=== Section Start ===
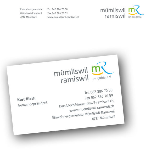 2011: Der Auftrag lautete, der Einwohnergemeinde Mümliswil-Ramiswil einen frischen und attraktiven Auftritt zu geben. Ich setzte diesen Wunsch um mit einem waldgrünen «m» der Schrift Evo des Schweizer Schriftgestalters Marco Ganz, einem wasserblauen bachartig geschwungenen «R»-Teil, gefasst vom «guldenen» Tal. In guter Zusammenarbeit mit dem Gemeindeschreiber Josef Tschan wurden alle Drucksachen und digitalen Kommunikationsmittel gemäss dem luftigen neuen Erscheinungsbild aufgefrischt. Ihren neuen Auftritt verwendet die Gemeinde auch für ihre Website und vielleicht auch für die geplante Dorfzeitung.
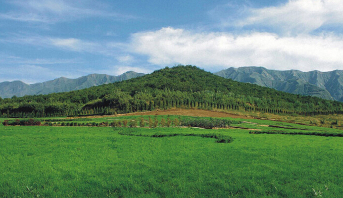 其次,陵墓位置的選擇也與當(dāng)時“依山造陵”的觀念相關(guān)。大約自春秋時代開始,各諸侯國國君相繼興起了“依山造陵”的風(fēng)氣。許多國君墓不是背山面河,就是面對視野開闊的平原,甚至有的國君墓干脆建在山顛之上,以顯示生前的崇高地位和皇權(quán)的威嚴。春秋時期的秦公墓也受這種觀念的影響,有的“葬西山”,有的葬在陵山附近。戰(zhàn)國時期的秦公墓依然承襲了“依山造陵”的典范,而秦始皇陵墓造在驪山之阿也完全符合“依山造陵”的傳統(tǒng)觀念。它背靠驪山、面向渭水,而且這一帶有著優(yōu)美的自然環(huán)境。整個驪山唯有臨潼縣東至馬額這一段山脈海拔較高,山勢起伏,層巒疊幛。從渭河北岸遠遠眺去,這段山脈左右對稱,似一巨大的屏風(fēng)立于始皇陵后,站在陵頂南望,這段山脈又呈弧形,陵位于驪山峰巒環(huán)抱之中,與整個驪山渾然一體。
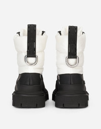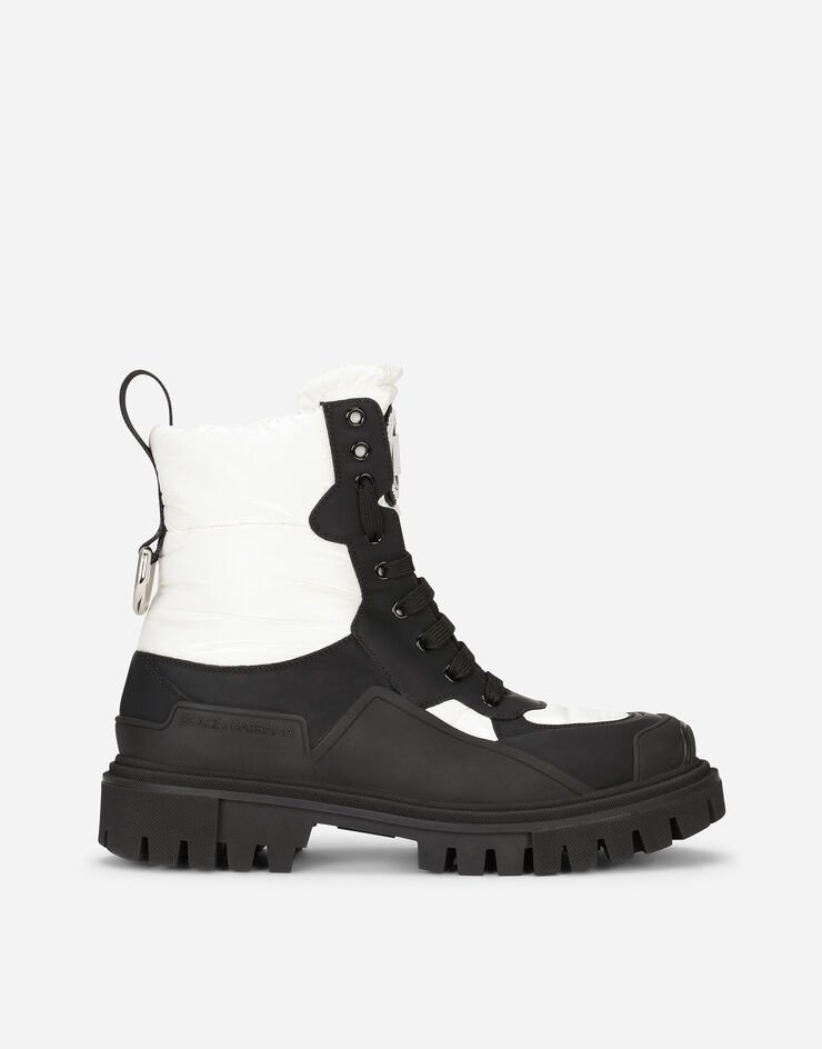 In the “DG Next” collection, the iconic black and white is given a modern and contemporary edge, creating a new mode of self expression, yet while always maintaining our own identities and unique qualities. These casual hi-trekking boots come in down-padded nylon with rubberized calfskin details and feature the rubberized DG logo: • Nylon and rubberized calfskin upper • Flat laces • Calfskin footbed with branded label • Rubber sole • Item comes with themed packaging • Made in Italy Care And Details Composition: 48% Polyester 40% Calfskin 8% Polyamide 4% Polyurethane
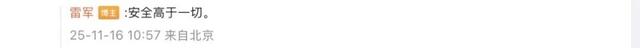 11月16日,小米汽车雷军连发多条微博,重申小米汽车的安全设计理念;有网友断章取义,说小米汽车好看比安全重要,雷军回应称:安全是基础,安全是前提,安全高于一切。
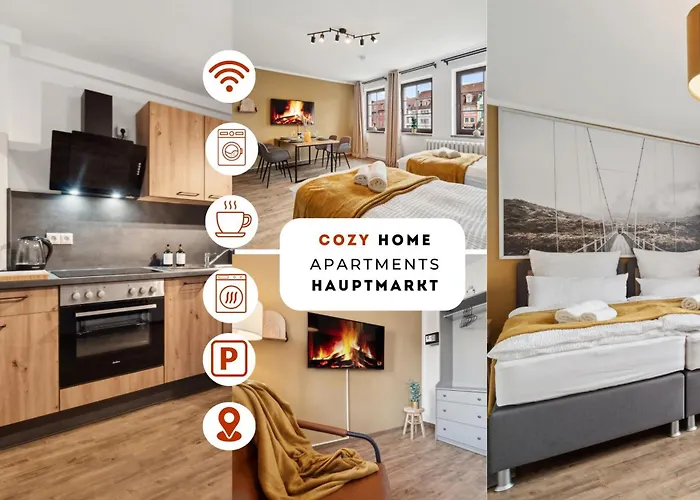 Das 1-Zimmer-Cozyhome Hauptmarkt Apartment liegt im alten Teil von Gotha und empfängt seine Gäste mit modernen Einrichtungen wie WLAN und wichtigen Annehmlichkeiten wie Parkplätzen. Dieses 50 m^2 große Apartment liegt ungefähr 25 Gehminuten vom Tierpark Gotha entfernt und bietet Zugang zum Hauptbahnhof.
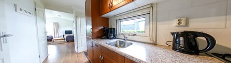 Entree, living met vanuit de woonkamer uitzicht op het voorgelegen water. Tuingerichte zithoek met openslaande deuren naar de voorgelegen tuin, aanlegsteiger en waterkant. De keuken is voorzien van een 4 pits gaskookplaat, afzuigkap, koelkast, vriezer, combi-oven en voldoende opbergruimte. Voorts de badkamer welke is voorzien van een douchegelegenheid, toilet, wastafel in wastafelmeubel en de witgoedaansluiting. Voorts 3 slaapkamers, waarvan de kleinere slaapkamers ideale kamers zijn voor een stapelbed en de derde, de masterbedroom, een riant tweepersoonsbed en grote kledingkast herbergt.
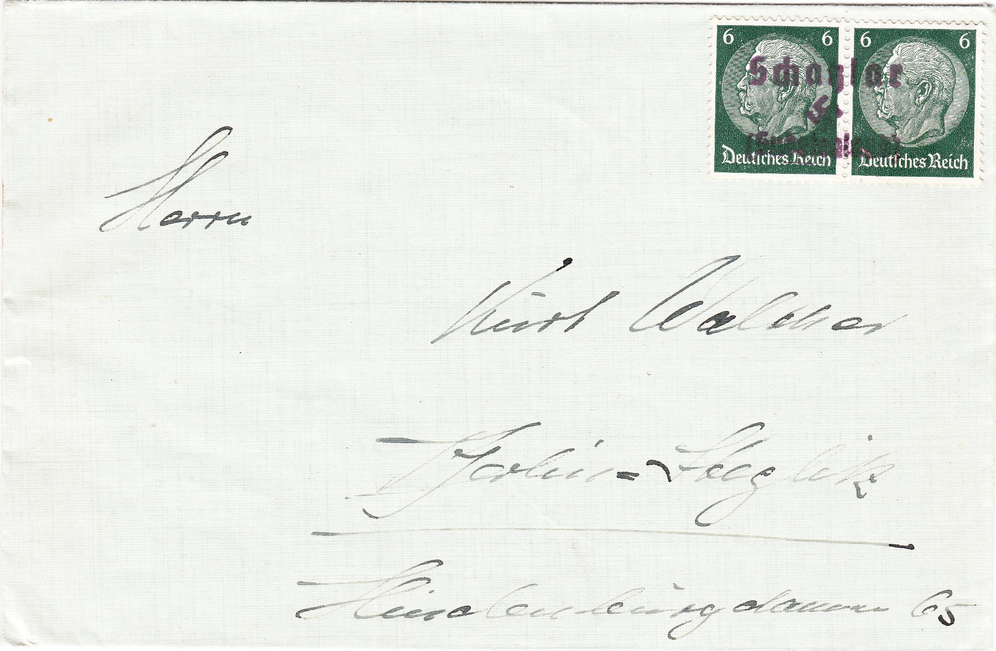 Dieser Brief wurde bereits am 12.10.1938 als EF mit einem 12 Pf Wert der Dauerserie Hindenburg frankiert in Altrohlau aufgegeben. Die Frankatur wurde mit einem deutschen Notstempel entwertet:
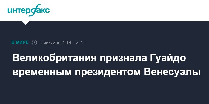 26 января Франция, ФРГ, Испания и Великобритания объявили, что признают Гуайдо временным главой государства, если в стране не будут объявлены выборы в течение ближайших восьми дней.
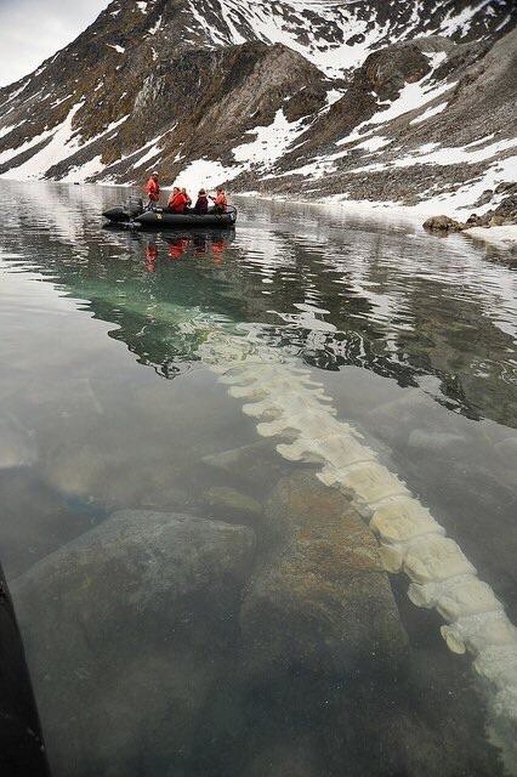 ▼3. 挪威湖水下出現鯨魚鰭椎骨,當場目睹的人馬上就拍下難得的畫面。
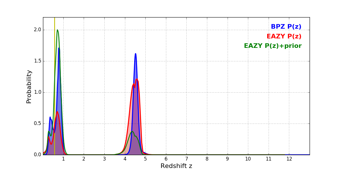 In P(z) plots: Yellow lines mark the cluster redshift z = 0.566,
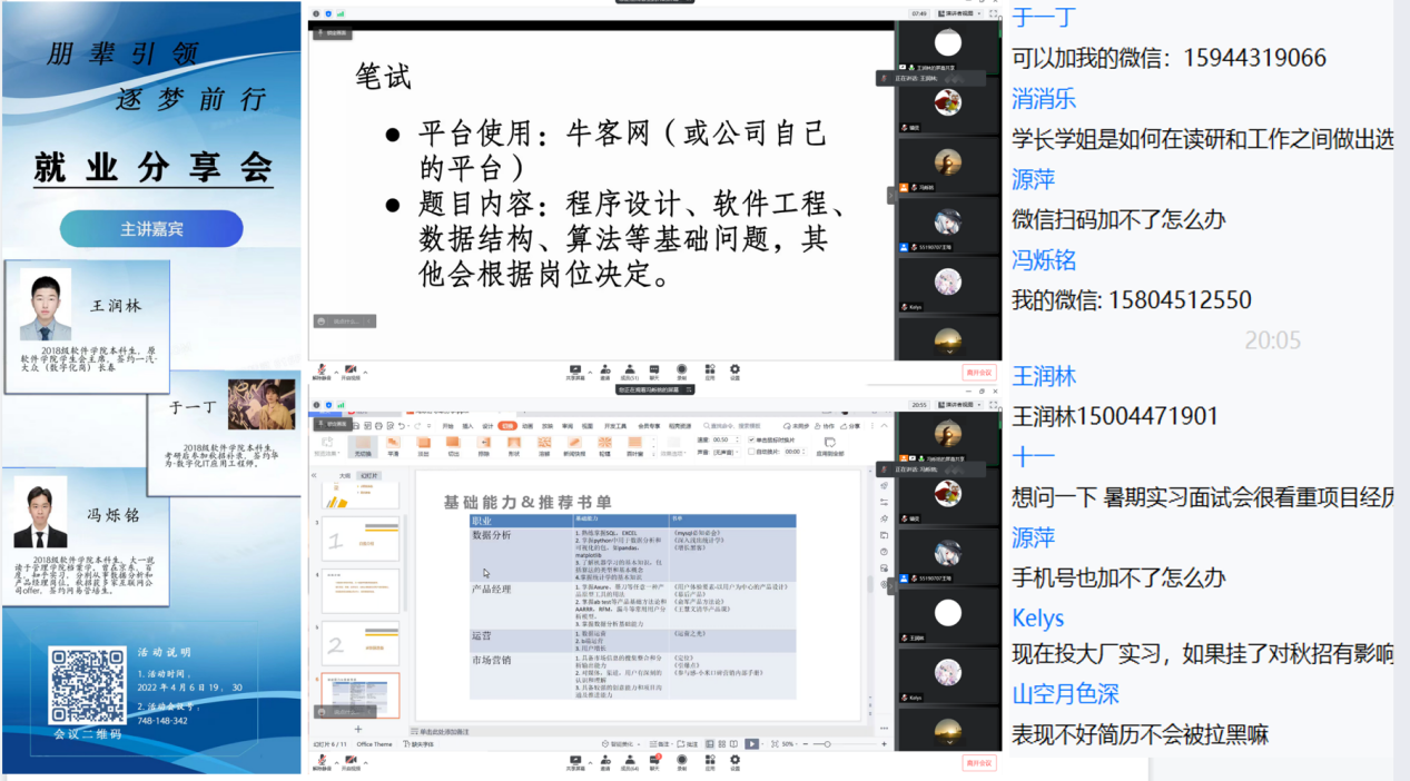 为帮助同学们了解当前的就业形势和政策,在春招中实现更高质量、更充分的就业,beats365于4月6日晚19:30举办了“朋辈引领,职点迷津”就业经验分享会。本次活动以线上会议的形式进行,为同学们发现就业机遇、交流求职经验搭建了良好的平台。
=== Section End ===
Copy, word for word, the entries above from the first line to the line that holds "11月16日,小米汽车雷军连". Drop the pictures.

 2011: Der Auftrag lautete, der Einwohnergemeinde Mümliswil-Ramiswil einen frischen und attraktiven Auftritt zu geben. Ich setzte diesen Wunsch um mit einem waldgrünen «m» der Schrift Evo des Schweizer Schriftgestalters Marco Ganz, einem wasserblauen bachartig geschwungenen «R»-Teil, gefasst vom «guldenen» Tal. In guter Zusammenarbeit mit dem Gemeindeschreiber Josef Tschan wurden alle Drucksachen und digitalen Kommunikationsmittel gemäss dem luftigen neuen Erscheinungsbild aufgefrischt. Ihren neuen Auftritt verwendet die Gemeinde auch für ihre Website und vielleicht auch für die geplante Dorfzeitung.
 其次,陵墓位置的選擇也與當(dāng)時“依山造陵”的觀念相關(guān)。大約自春秋時代開始,各諸侯國國君相繼興起了“依山造陵”的風(fēng)氣。許多國君墓不是背山面河,就是面對視野開闊的平原,甚至有的國君墓干脆建在山顛之上,以顯示生前的崇高地位和皇權(quán)的威嚴。春秋時期的秦公墓也受這種觀念的影響,有的“葬西山”,有的葬在陵山附近。戰(zhàn)國時期的秦公墓依然承襲了“依山造陵”的典范,而秦始皇陵墓造在驪山之阿也完全符合“依山造陵”的傳統(tǒng)觀念。它背靠驪山、面向渭水,而且這一帶有著優(yōu)美的自然環(huán)境。整個驪山唯有臨潼縣東至馬額這一段山脈海拔較高,山勢起伏,層巒疊幛。從渭河北岸遠遠眺去,這段山脈左右對稱,似一巨大的屏風(fēng)立于始皇陵后,站在陵頂南望,這段山脈又呈弧形,陵位于驪山峰巒環(huán)抱之中,與整個驪山渾然一體。
 In the “DG Next” collection, the iconic black and white is given a modern and contemporary edge, creating a new mode of self expression, yet while always maintaining our own identities and unique qualities. These casual hi-trekking boots come in down-padded nylon with rubberized calfskin details and feature the rubberized DG logo: • Nylon and rubberized calfskin upper • Flat laces • Calfskin footbed with branded label • Rubber sole • Item comes with themed packaging • Made in Italy Care And Details Composition: 48% Polyester 40% Calfskin 8% Polyamide 4% Polyurethane
 11月16日,小米汽车雷军连发多条微博,重申小米汽车的安全设计理念;有网友断章取义,说小米汽车好看比安全重要,雷军回应称:安全是基础,安全是前提,安全高于一切。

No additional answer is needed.